Further progress may not be quite so rapid as the last couple of years, since the majority of the remaining states have constitutional bans on same-sex marriage – enacted at a time when public opinion was rather different. But the way things are going it’s only a matter of time before some of those are repealed. Wisconsin, Colorado and Oregon are obvious prospects; even more so Pennsylvania, whose ban is only by statute and which is now the only north-eastern state without same-sex marriage.
Earlier this year, Nate Silver modelled the movement of public opinion on the issue and projected that by 2016, there would be majority support for same-sex marriage in 31 of the 50 states.
That would push over a lot more dominoes, but it would also increase the likelihood that some sort of nationwide solution would be found. (Otherwise some deep southern states might hold out for a long time.) The most likely outcome would be a Supreme Court ruling that section 1 of article IV of the US Constitution – the “full faith and credit” clause – requires states to recognise marriages validly performed in another state, same-sex or not.
That’s how more conservative states were during the twentieth century obliged to accept divorce, and how Nevada’s liberal divorce laws in practice became available nationwide.
There’s been some recent publicity for the shift in American opinion on marijuana legalisation, which on some polling now enjoys majority support.

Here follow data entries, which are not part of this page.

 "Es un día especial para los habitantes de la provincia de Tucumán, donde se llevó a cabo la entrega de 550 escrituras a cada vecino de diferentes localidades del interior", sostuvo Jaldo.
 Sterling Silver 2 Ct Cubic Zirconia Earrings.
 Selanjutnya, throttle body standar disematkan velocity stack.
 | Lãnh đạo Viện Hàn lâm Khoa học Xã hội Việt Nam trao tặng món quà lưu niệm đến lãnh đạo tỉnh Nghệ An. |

As a graph at New York Magazine showed last month, both issues have been on a similar trajectory for about the last twenty years, with the drug issue playing catch up.

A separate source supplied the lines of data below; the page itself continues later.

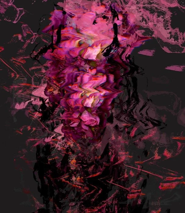 Willhide’s images have a more profound significance beyond the novelty of the glitch aesthetic, commenting on the ongoing climate crisis by incorporating natural and artificial flowers in her compositions — the swirling glitches preventing the viewer from differentiating between them. The line between nature and the fake becomes blurred and distorted. The category of the natural has lost its significance as unnatural substances such as microplastics and “forever chemicals” have tainted even the most remote regions of Earth. To quote Don Quixote, “Everything is artifice or illusion.”
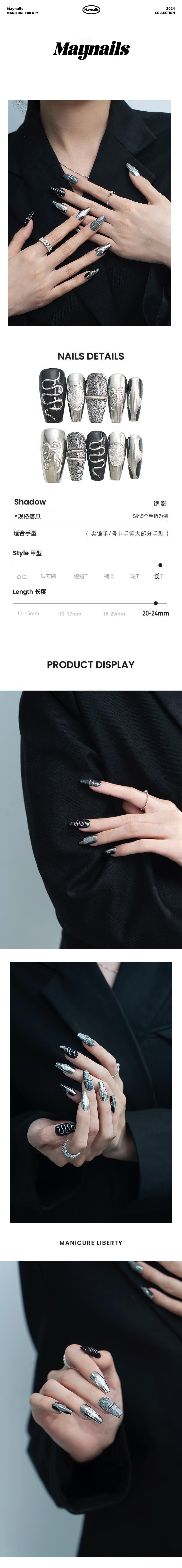 Maynails美奈斯是—个新兴的穿戴甲品牌,主张“美有很多种样子,自己喜欢就好”的时尚理念。倡导“美甲自由,穿戴自由”的个性化与场景式美甲体验。
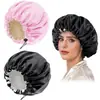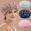 Touca de Banho Ajustável com Cordão Transfronteiriço para Beleza Feminina e Cuidados com o Cabelo Banho de Óleo Seda Macia Camada Dupla Touca de Noite Alargada Touca de Banho

But looking at a longer time frame, same-sex marriage seems much more distinctive. Its growth in acceptance has been remarkably steady since it first appeared on the radar; indeed, the same has been true of gay rights in general. Other social issues show less consistency.

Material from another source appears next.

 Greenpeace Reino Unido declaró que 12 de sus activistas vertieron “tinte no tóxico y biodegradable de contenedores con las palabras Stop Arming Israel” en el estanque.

As I said back in March, when discussing capital punishment:
This trend mirrors a range of other social issues where reform seemed to be on the brink of full acceptance in the 1960s and ’70s but then struck unexpected resistance. Legalisation of marijuana is another obvious example: the drive halted and then went into reverse, recovering only in the last decade or so. The defeat of the Equal Rights Amendment in the 1970s appears to show the same dynamic.
After that long detour, drugs, gay rights and abolition of capital punishment now seem to be back on more or less the same path. But the detour is a valuable reminder that even social change that seems irreversible might not be. Things can go backwards as well as forwards; the fact that hasn’t happened to date with gay rights doesn’t necessarily mean that it can’t.
There’s also the question of why marijuana legalisation seems to have had less legislative success in the last few years. I suspect there are at least two reasons. One is that although the contours of ideological support and opposition on the two issues are similar, there are powerful vested interests opposed to legal marijuana that have no analogue in the case of same-sex marriage.
Lots of people are passionately opposed to gay people marrying, but hardly anyone has a strong economic interest in that position – unlike, say, those in the alcohol industry who might want to limit competition.
The other reason is that same-sex marriage is a fundamentally simple, yes-no issue. Everyone knows what it means to issue marriage licences to same-sex couples, and there’s really only one way to go about it. But there are many different models of drug legalisation, so it’s easy to muddy the waters and difficult for proponents of reform to agree on a single strategy.